Signed-off-by: Andy Goldstein <andy.goldstein@gmail.com>
This commit is contained in:
Andy Goldstein
2018-02-21 10:46:08 -05:00
parent 08d4fc8b88
commit a0111d875f
2 changed files with 40 additions and 1 deletions

38
docs/troubleshooting.md Normal file
View File

@@ -0,0 +1,38 @@
# Troubleshooting
## heptio-ark namespace stuck terminating / unable to delete backups
Ark v0.7.0 added the ability to delete backups by adding what is called an Ark "finalizer" to each
backup.

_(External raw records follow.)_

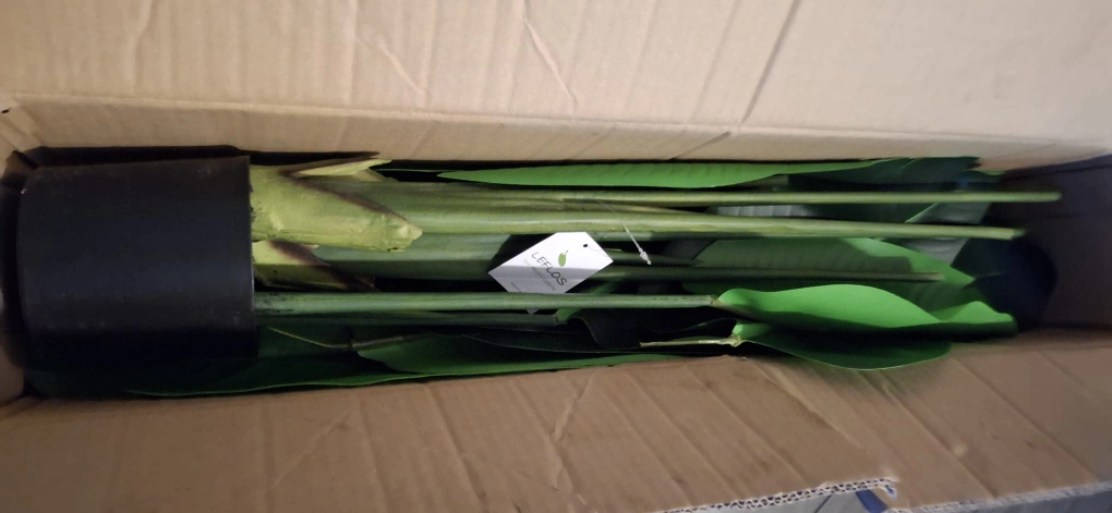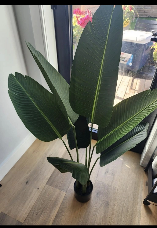 beautiful Bird of Paradise artificial plant. A decorative plant, in a black pot. The plant has a number of green leaves. This plant would look fantastic in a sunny living room.
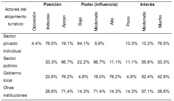 Resulta valido destacar que aun cuando el sector privado individual, con un poder de decisión o influencia bajo, se muestra mayormente indeciso, su posición no constituye un obstáculo para el desarrollo de una propuesta para el establecimiento y mejora de relaciones de colaboración entre actores turísticos.
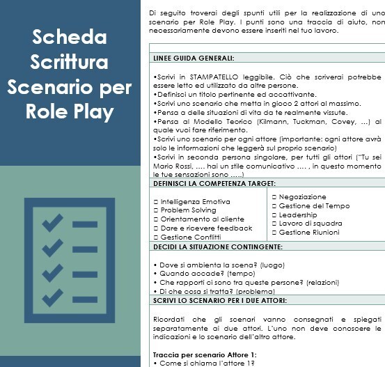 Scheda lancio per attività formativa di scrittura scenari per Role Play.
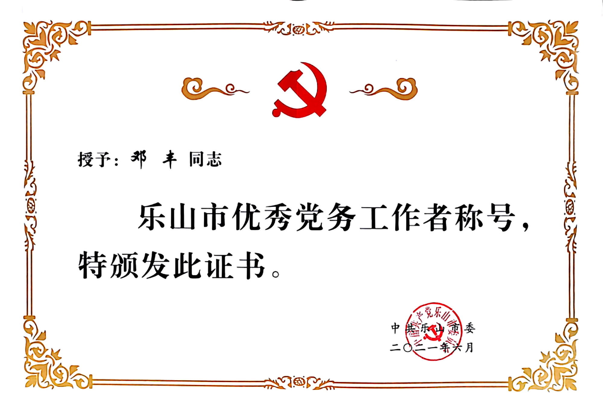 6月29日上午,乐山市“两优一先”表彰大会隆重举行。会议共表彰了100名优秀共产党员,50名优秀党务工作者,50个先进基层党组织。我院新能源系党总支专职副书记、教工一党支部书记邓丰同志荣获“乐山市优秀党务工作者”称号,药学系教工二党支部荣获“乐山市先进基层党组织”称号。

When you request the deletion of an object that has at least one finalizer, Kubernetes sets
the object's "deletion timestamp" (indicating the object has been marked for deletion), but it does
not immediately delete the object. Instead, Kubernetes only deletes the object when it no longer has
any finalizers. This means that something (Ark, in this case) must process the backup and then
remove the Ark finalizer from it.
Ark versions before v0.7.1 place the Ark server pod in the same namespace as backups, restores,
schedules, and the Ark config. If you try to delete the namespace (`kubectl delete
namespace/heptio-ark`), it's possible that the Ark server pod is deleted before the backups, because
the order of deletions is arbitrary. If this happens, the remaining bacukps will be "stuck"
deleting, because the Ark server pod no longer exists to remove their finalizers.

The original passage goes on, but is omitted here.